The RCP may have been doomed by 1995 but it doesn’t dialectically follow that everybody and everything that passed through this undistinguished operation was irretrievably doomed with it.

[i] https://communistpartyofgreatbritainhistory.wordpress.com/2020/09/28/the-revolutionary-communist-party-rcp-was-really-nothing-special/

[ii] F Richards ‘Midnight in the century’ Living Marxism December 1990.



  1. I remember the Supporters’ Forum business quite well. By 1995 the RCP was seriously depleted, it was actually in a state of collapse. Members were dropping out by the dozen — in South London, where I was, five out the six members dropped out overnight without giving any reason. Many supporters, such as me, were increasingly inactive, as we felt that the party was going nowhere or, rather, going in strange directions.
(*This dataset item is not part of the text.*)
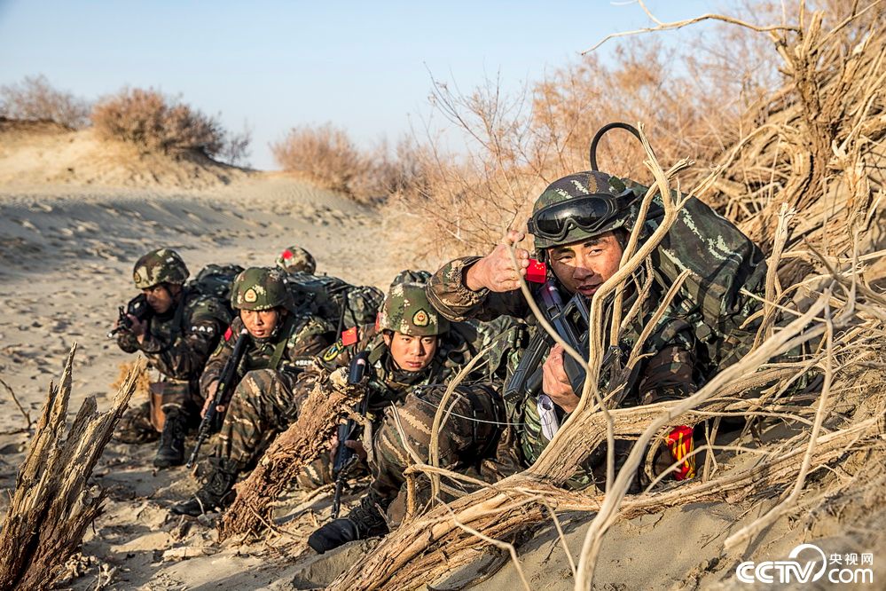 近日,武警阿克苏支队开展了七天六夜的“魔鬼周”极限训练,利用沙漠、戈壁、废弃工厂等环境,采取红蓝对抗演练、预设假想敌等模式,完成了武装奔袭、负重行军、沙漠捕歼战斗、极限体能、野外生存等20多个科目的训练,全面锻造和锤炼反恐维稳的尖刀铁拳。(图片由武警阿克苏支队魏福明、王子阳提供)

Supporters would look at Living Marxism and say to themselves, ‘I’m not going out flogging that.’ This wasn’t coordinated, it was what a lot us individually felt.
    These meetings were an attempt by the leadership to reactivate the hundreds of party supporters, many, if not most, of whom had become inactive. It failed, because, as can be seen from the discussions, we were effectively on our way out. Even if we didn’t know that when the meetings were called, we certainly did after attending them. Party cadres were quite taken back when supporters considered as loyal suddenly started laying into current party policies. I was one of them, and I made several sharp contributions, and party cadres were visibly shocked at my and other supporters’ comments.

    I was going to write a critique of current party policies for a follow-up to this discussion sheet, but then I felt this was pointless because the game was up: the party was finished, and I had better things to do with my time and energy. I think that most of the critical supporters felt the same. I don’t think there were any more Supporters’ Forums, I guess the leadership realised that we were more trouble than it was worth. A couple of years later, what was left of the party — not much, just the Political Committee, the editorial board, the office boys and girls, their respective other halves, and a few strays with nowhere else to go — was dissolved and — as I predicted at the time — started their slide into right-wing libertarianism.
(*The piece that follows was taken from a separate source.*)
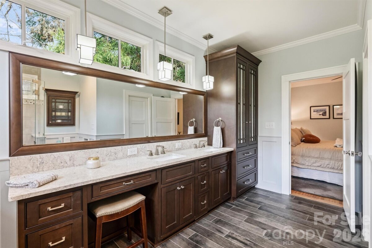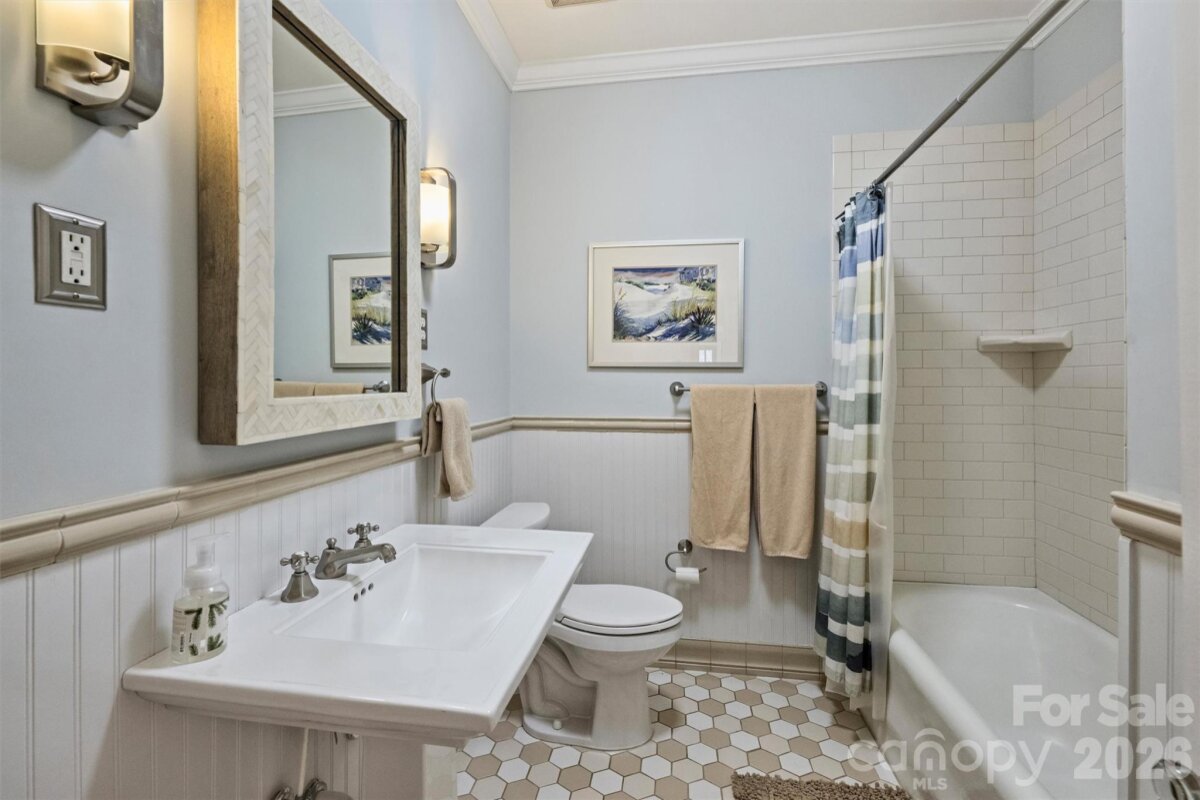 Opportunity to live on a premier street in Historic Dilworth. This charming 1.5 story, four bedroom, 1924 bungalow home on Dilworth Road East welcomes you with a sidewalk lined street and a covered front porch perfect for greeting neighbors. Step inside to 9 foot ceilings that create an immediate sense of openness. The living room, anchored by a cozy gas fireplace, is ideal for entertaining guests. A separate den with built-in shelves offers a comfortable space to relax. Down the hall, the primary suite on the main level features a spacious, remodeled bathroom and a walk-in closet. A second bedroom and full bath are also located on the main floor. The large kitchen with newer windows continues with the hardwood floors found throughout and opens to a cozy breakfast room overlooking the backyard. The laundry room is conveniently located just off the kitchen and includes a washer and dryer. The dining room, complete with a charming built-in cabinet, is perfectly positioned between the kitchen and living room. Newer blinds in the kitchen, dining room, and living room. Upstairs, a large flex space provides the perfect setting for a home office, gym, or playroom. Two additional bedrooms with storage share a full bath. Outside, the fully fenced, professionally landscaped backyard features a covered outdoor living space with a wood burning fireplace, creating a wonderful setting to relax while watching your favorite show on the conveyed TV. Low maintenance turf in the backyard enhances the outdoor space. The backyard landscaping and front yard has an irrigation system. The garage offers additional storage for bikes and more.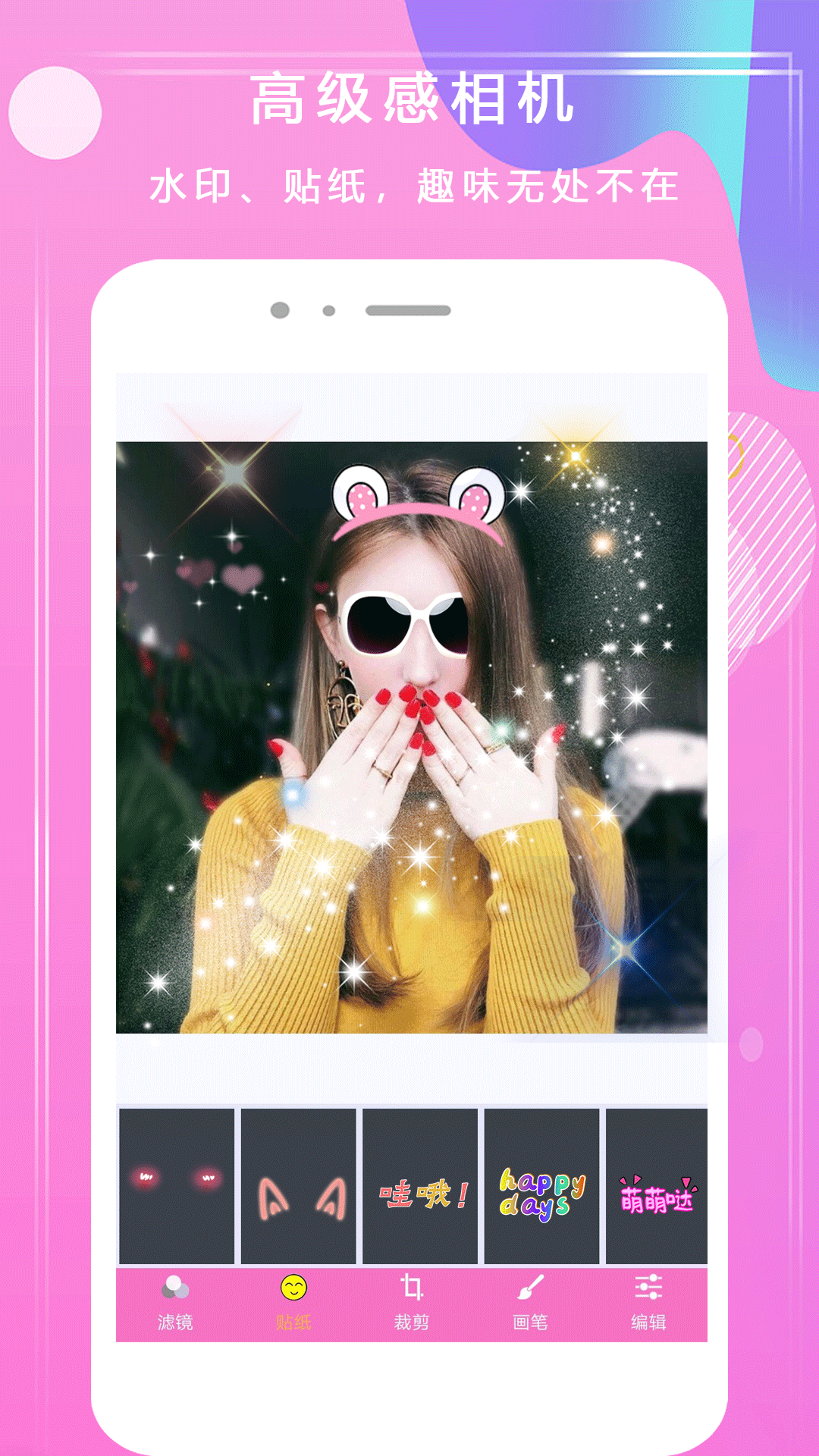 而说到P图功能,它更是强大无比,涵盖了滤镜、贴纸、水印蒙版、裁剪编辑等诸多功能。各种各样风格的滤镜,能够让您P出具有高级质感的照片;再搭配上那些可爱的趣味贴纸,瞬间就能让您充满萌力。

  2. All that happened was that over time it exposed itself as a cult . Witness even now how Fox Heartfield et al never ever disagree with anything Furedi says . The about turn on immigration says it sll


    1. I don’t believe the RCP was a cult and I don’t believe that characterisation is remotely helpful to understanding the group. Groupthink is familiar to all ‘Leninist’ organisations. If the RCP was a cult then we have to apply that word to scores of other left groups… at that point ‘cult’ becomes so elastic it becomes meaniningless.


  3. Any chance of a scan? There’s a scan of (I think) Fiona Fox’s contribution and it’s fascinating. I’d love to be able to read it all!